===== Data section =====

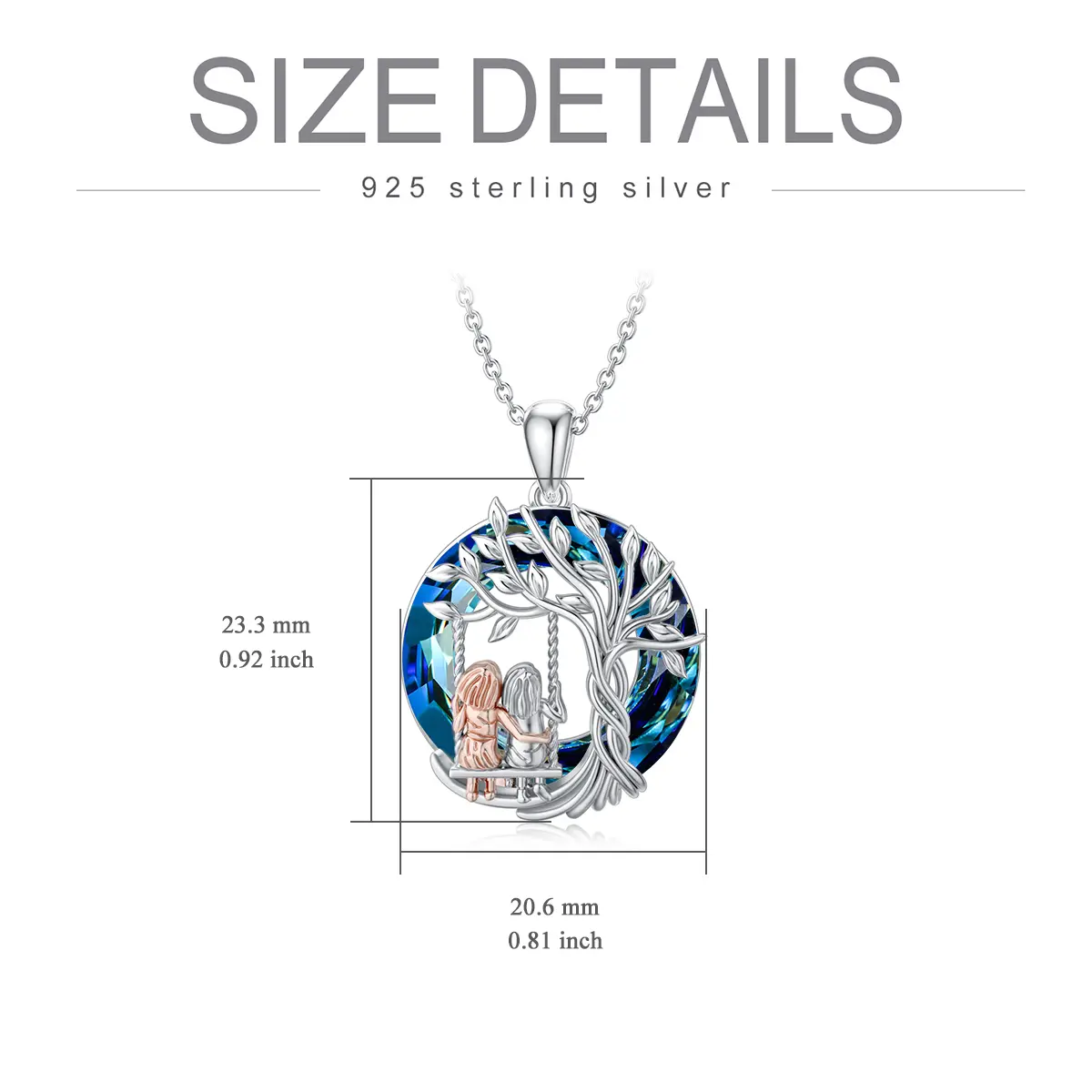 TOUPOP's sister necklace is a thoughtful gift for any occasion. Crafted from 925 sterling silver, it's hypoallergenic. The necklace measures 0.92*0.82 inches, with a 18+2-inch chain. It's perfect for birthdays, anniversaries, Valentine's Day, Mother's Day, and Christmas. Comes in a beautiful gift box. Choose from 4 crystal colors.
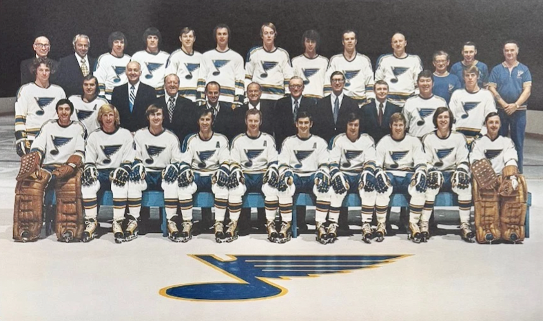 Middle Row - Kevin O'Shea, Bob Plager, Jim Cullen (legal council), Lynn Patrick (vice president), Sid Salomon III (executive vice president), Sidney Salomon Jr. (president), Sid Abel (general manager), Al Arbour (coach), Bill McCreary (assistant to executive vice president), Noel Picard, Curt Bennett.
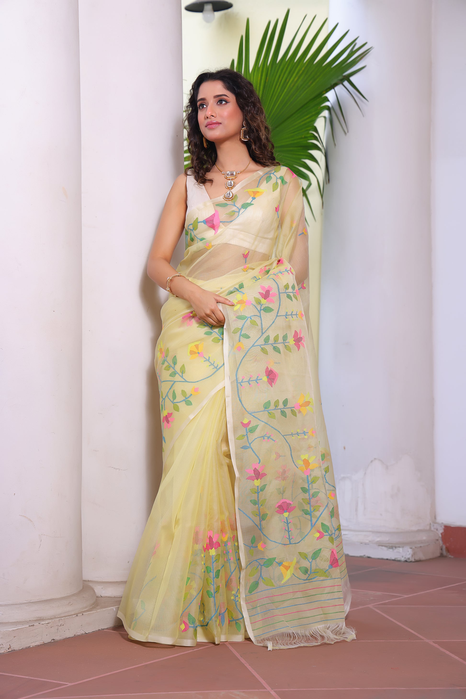Behold the exquisite Muslin Jamdani Saree, a true masterpiece akin to a work of art. Delicately adorned with vibrant floral weavings spanning its entirety, this saree boasts intricate patterns of village motifs and renowned jamdani designs, such as butidar, Kalka, and fulwar. Crafted over an arduous period of 3-4 months by acclaimed weavers from the rural landscapes of India, each saree is a testament to their unparalleled skill and dedication.

=====

Directions:
For this exercise, retype exactly, and only, the lines from the line with "Middle Row - Kevin" through the last line of the material above, both included. Pictures stay out.

Result for this task:
 Middle Row - Kevin O'Shea, Bob Plager, Jim Cullen (legal council), Lynn Patrick (vice president), Sid Salomon III (executive vice president), Sidney Salomon Jr. (president), Sid Abel (general manager), Al Arbour (coach), Bill McCreary (assistant to executive vice president), Noel Picard, Curt Bennett.
Behold the exquisite Muslin Jamdani Saree, a true masterpiece akin to a work of art. Delicately adorned with vibrant floral weavings spanning its entirety, this saree boasts intricate patterns of village motifs and renowned jamdani designs, such as butidar, Kalka, and fulwar. Crafted over an arduous period of 3-4 months by acclaimed weavers from the rural landscapes of India, each saree is a testament to their unparalleled skill and dedication.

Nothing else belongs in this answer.